¿Alguna vez te
has preguntado cómo se hace un lector, es decir, cómo se consigue que un niño
se aficione a la lectura y ya de mayor siga leyendo libros de forma habitual?
Pues te lo voy a explicar…
(AZprensa) Todo parte de
un proceso muy simple, de empezar poco a poco con lo que en cada etapa se puede
asimilar, al igual que sucede cuando a nuestros hijos les enseñamos a caminar;
no podemos pretender que pasen de ir a gatas a caminar como un marchador
olímpico en un abrir y cerrar de ojos.
En
el caso de la lectura, hay que aficionarlos desde el principio. Cuando empiezan
a tener entendimiento, leyéndoles cuentos.

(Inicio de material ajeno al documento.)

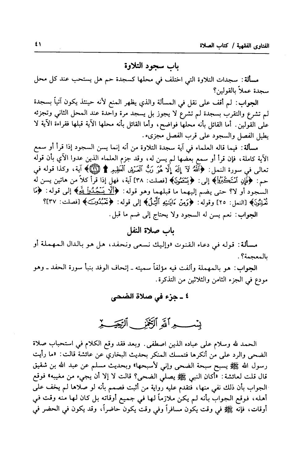 الحمد لله وسلام على عباده الذين اصطفى. وبعد فقد وقع الكلام في استحباب صلاة الضحى والرد على من أنكرها فتمسك المنكر بحديث البخاري عن عائشة قالت: (ما رأيت رسول الله صلى الله عليه وسلّم يسبح سبحة الضحى وإني لأسبحها) وبحديث مسلم عن عبد الله بن شقيق قال قلت لعائشة: (أكان النبي صلى الله عليه وسلّم يصلي الضحى؟ قالت لا إلا أن يجيء من مغيبه) فوقع الجواب بأن ذلك نفي منها، فتقدم عليه رواية من أثبت فصمم بأنه لو صلاها لم يخف على أهله، فوقع الجواب بأنه لم يكن ملازماً لها في جميع أوقاته بل كان لها منه وقت في أوقات، فإنه صلى الله عليه وسلّم في وقت يكون مسافراً وفي وقت يكون حاضراً، وقد يكون في الحضر

Cuando ya saben leer, comprándoles
cuentos apropiados a su edad y, según van cumpliendo años, ir ajustando esos
libros a la edad que cumplen; eso sí, procurando que los libros que les
compremos sean siempre de su agrado. Me explicaré: si a un niño le gustan mucho
los animales, pues que esos libros sean de animales; si le gustan las películas
de Disney, pues que sean de películas de Disney; y también —y esto es muy
importante— que no sean todos los cuentos del mismo estilo, sino que se
acostumbre desde pequeño a leer cosas variadas.
Cuando
ya son un poco mayores, llegará la edad de los cómics, y que no nos asuste,
porque la lectura de cómics puede convertirse en la antesala de la lectura
culta y formativa que vendrá más tarde. También en el mundo de los cómics irá
evolucionando en sus gustos, ya que hay tebeos para todas las preferencias y
todas las edades.
Cuando
llegue a la adolescencia tendrá que dar un paso importante: de los cómics a las
novelas y a los libros para jóvenes. Y aquí hago un inciso para rendir homenaje
a la Editorial Bruguera, que —cuando yo era adolescente— sacó una colección
llamada «Historias» en donde toda una serie de novelas para jóvenes venían
acompañadas con páginas de cómics que recreaban la novela. Allí estaban autores
como Julio Verne, Salgari, Burroughs, Dickens, etc., y todo aquel joven que
primero leyó cuentos y luego cómics se aficionaba rápidamente a la lectura de
novelas con esta especie de híbridos de novelas acompañadas de tebeos. (En la
imagen puedes ver cómo era esta colección).
De
aquí, y de una forma natural, el joven se considerará ya lo suficientemente
«adulto» como para desdeñar estas novelas-cómics y se decidirá por sí mismo a
leer novelas juveniles pero sin tantos «dibujitos». Y de ahí se pasará
finalmente a la literatura en general, desde los clásicos (algunos de los
cuales tendrá que leer obligatoriamente durante sus estudios) a cualquier
escritor contemporáneo que aborde temas de su gusto.
Este
es el camino y «así se hace un lector»; pero me olvidaba decir que en todo este
proceso hay dos factores necesarios para añadir:
Que
desde pequeño haya muchos libros en su casa.
Que
vea cómo sus padres leen libros y que hay muchos momentos en que prefieren leer
un libro antes que mirar tonterías en el móvil o dejar que les laven el cerebro
en la televisión.
PD.-
¡Uy, qué difícil de conseguir es esto último!”